PRISON OR JUST WALLS

Many times I tried to write about this experience, and every time I started, the pain of the memory held me back.

I know that my experience is not unique. Almost one-third of the entire Palestinian population has experienced prison under Israeli occupation. Each has dealt with this traumatic experience in his or her own way. I tried to forget the painful memories and push them to the back of my mind, and when an occasion arises to talk about prison I manage to remember the funny incidents. Perhaps this is my own way of dealing with the trauma.

I am not a heroine, I have no super powers. I am just an ordinary person who had to live in extraordinary circumstances, whose dreams have been robbed, whose past was marred with the pain of re-occurring disappointments, whose whole life has been affected in every detail by occupation.

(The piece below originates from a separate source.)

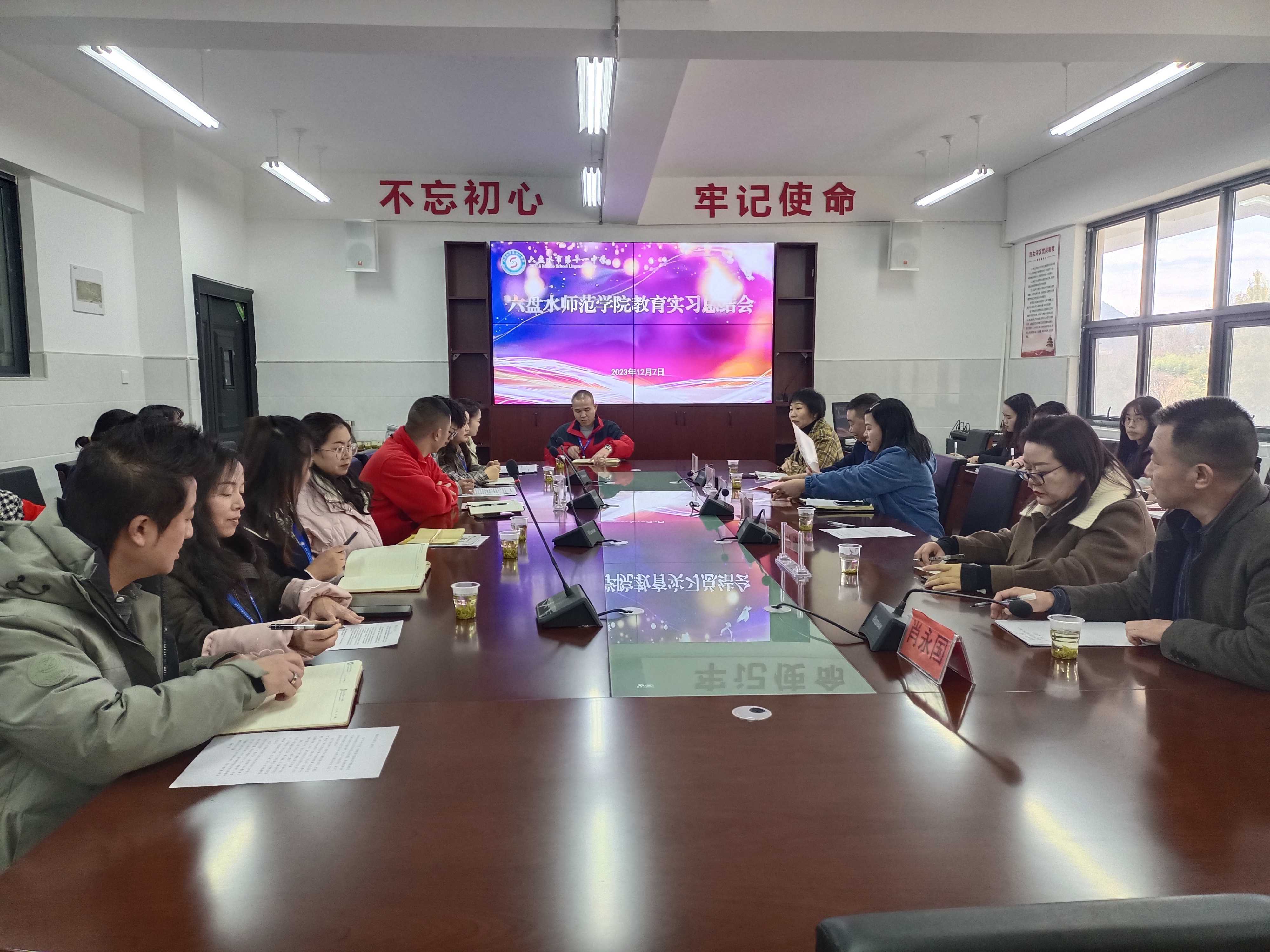 12月7日下午,马克思主义学院思想政治教育2020级学生教育实习总结会在六盘水市第十一中学举行。学院院长王世平、实习带队教师肖永国、市十一中副校长李天、实习指导老师以及全体实习生参加了本次会议,会议由六盘水市第十一中学教务主任陈庆福主持。

Now, when I look back on my life, I see it like many dots or points. Each is a stage of my life and the only thing that connects these dots together is occupation. Occupation interfered in everything in my life. It didn’t only rob me of three years, it robbed me of my dreams, my hopes, and my past, present, and future. It is always present in my life, following me like a shadow. Even today, some thirty years later, I still have nightmares about being imprisoned or chased by soldiers.

Maskoubiya. The name brings a chill and a shudder to the bodies of all who have experienced it. It is an old building, built by the Russians in the nineteenth century as a hotel for Russian pilgrims to Jerusalem. Today the place is a prison where Palestinian prisoners are interrogated and tortured.

I was put in a big empty cell with six metal beds with thin mattresses. The walls were a yellow-grey, scratched by thousands of finger-nails. Writings on the wall, both in Hebrew (which I didn’t understand) and Arabic, slogans about freedom, names of prisoners who had passed through, names of loved ones in big scratched hearts. The ceiling was high, with one single barred window near the top. One door, barred.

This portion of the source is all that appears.